Save The first time I brought this to a potluck, someone asked if it was from a restaurant. I laughed and said no, just my kitchen and a little bit of luck. She took the recipe on a napkin and later told me her husband asked for it three weeks in a row. That is when I realized this salad had become more than just lunch.
Making It Your Own
I have added diced grilled chicken when I needed more protein, and it turned this into a full meal that kept everyone satisfied. Turkey bacon works if you want something lighter, though I miss the crispy edges a little. Once I tossed in croutons right before serving and they soaked up the dressing in the best way, adding crunch without stealing the spotlight.
What to Serve It With
This salad shines next to grilled burgers, hot dogs, or anything smoky and charred. I have also served it on its own for a light summer dinner with crusty bread on the side. It does not need much company because it already has so much going on in the bowl.
Storing and Keeping It Fresh
Leftovers keep in the fridge for about a day, though the lettuce will soften and the bacon will lose some crunch. If I know I will have extra, I keep the dressing separate and toss everything together just before eating. That way the second serving tastes almost as good as the first.

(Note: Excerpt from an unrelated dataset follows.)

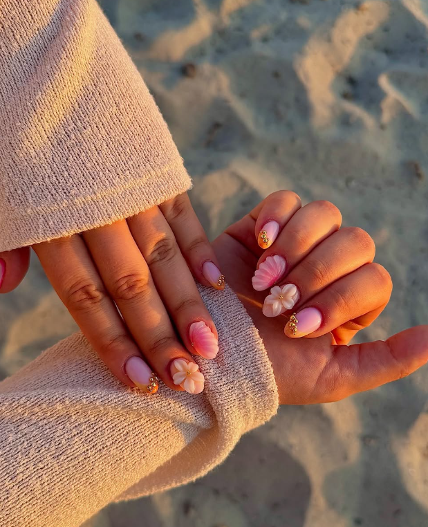 Even one small flower on each nail looks very pretty. You can use a soft base color like pink, lavender or nude and add flowers on top. Floral nails are perfect for vacations birthday parties and casual days. They give a happy and girly vibe. If you love nature, floral nail art is a perfect summer choice.

- Store undressed components separately if making ahead.
- Add avocado and lettuce right before serving to keep them bright and crisp.
- Bring it back to room temperature for ten minutes before serving if it has been chilled.
Save This is the kind of dish that makes summer gatherings easier and a little more delicious. I hope it shows up at your table with the same happy chaos it brings to mine.
Recipe Guide
- → What type of pasta works best for this dish?
Short pasta varieties like rotini, penne, or fusilli hold the dressing well and add a pleasing texture.
- → Can I substitute the bacon with a different protein?
Yes, turkey bacon offers a lighter option, and grilled or shredded chicken varieties also complement this dish nicely.
- → How should the dressing be prepared?
Whisk together mayonnaise, sour cream, lemon juice, Dijon mustard, minced garlic, salt, and pepper for a creamy, tangy coating.
- → Is it better to serve this dish immediately or chilled?
It can be served right away for freshness, but chilling for up to two hours allows flavors to meld beautifully.
- → What greens can be used besides romaine lettuce?
Iceberg lettuce or baby spinach are good alternatives, though romaine provides the best crispness.